On July 17, 1987, Cory issued EO 228, declaring full land ownership in favor of the
beneficiaries of PD 27 and providing for the valuation of still unvalued lands covered by the decree as
well as the manner of their payment. This was followed on July 22, 1987 by PP 131, instituting a
comprehensive agrarian reform program (CARP), and EO 229, providing the mechanics for its
implementation. Afterwhich is the enactment of RA 6657, Comprehensive Agrarian Reform Law of
1988, which Cory signed on June 10. This law, while considerably changing the earlier mentioned
enactments, nevertheless gives them suppletory effect insofar as they are not inconsistent with its
provisions.
In considering the rentals as advance payment on the land, the executive order also
deprives the petitioners of their property rights as protected by due process. The equal protection
clause is also violated because the order places the burden of solving the agrarian problems on the
owners only of agricultural lands. No similar obligation is imposed on the owners of other properties.
The petitioners maintain that in declaring the beneficiaries under PD 27 to be the owners
of the lands occupied by them, EO 228 ignored judicial prerogatives and so violated due process.
Worse, the measure would not solve the agrarian problem because even the small farmers are deprived
of their lands and the retention rights guaranteed by the Constitution.

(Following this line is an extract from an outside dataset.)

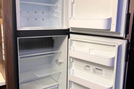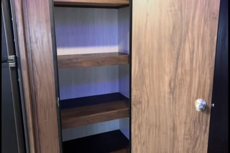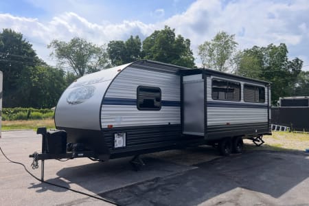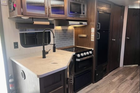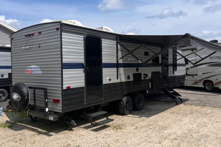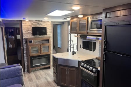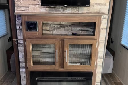 Relax in comfort with a cozy fireplace for secondary heat and a tankless 55K BTU hot water heater for endless warm showers. The large slide-out, topped with an awning, expands your living space, and dual entry doors offer easy access. You'll find tons of storage throughout, including a convenient front slide-out storage tray. Plus, we've updated the faucets for a touch of modern convenience.

In his comment the Sol-Gen asserted that the alleged violation of the equal protection
clause, the sugar planters have failed to show that they belong to a different class and should be
differently treated. The Comment also suggests the possibility of Congress first distributing public
agricultural lands and scheduling the expropriation of private agricultural lands later. From this
viewpoint, the petition for prohibition would be premature.
ISSUE:
Whether or not there was a violation of the equal protection clause.
HELD:
The SC ruled affirming the Sol-Gen. The argument of the small farmers that they have
been denied equal protection because of the absence of retention limits has also become academic
under Sec 6 of RA 6657. Significantly, they too have not questioned the area of such limits. There is
also the complaint that they should not be made to share the burden of agrarian reform, an objection
also made by the sugar planters on the ground that they belong to a particular class with particular
interests of their own. However, no evidence has been submitted to the Court that the requisites of a
valid classification have been violated.
Classification has been defined as the grouping of persons or things similar to each other in certain
particulars and different from each other in these same particulars. To be valid, it must conform to the
following requirements:
(1) it must be based on substantial distinctions;
(2) it must be germane to the purposes of the law;
(3) it must not be limited to existing conditions only; and
(4) it must apply equally to all the members of the class.
The Court finds that all these requisites have been met by the measures here challenged
as arbitrary and discriminatory.
Equal protection simply means that all persons or things similarly situated must be
treated alike both as to the rights conferred and the liabilities imposed. The petitioners have not shown
that they belong to a different class and entitled to a different treatment. The argument that not only
landowners but also owners of other properties must be made to share the burden of implementing
land reform must be rejected. There is a substantial distinction between these two classes of owners
that is clearly visible except to those who will not see. There is no need to elaborate on this matter. In
any event, the Congress is allowed a wide leeway in providing for a valid classification. Its decision is
accorded recognition and respect by the courts of justice except only where its discretion is abused to
the detriment of the Bill of Rights.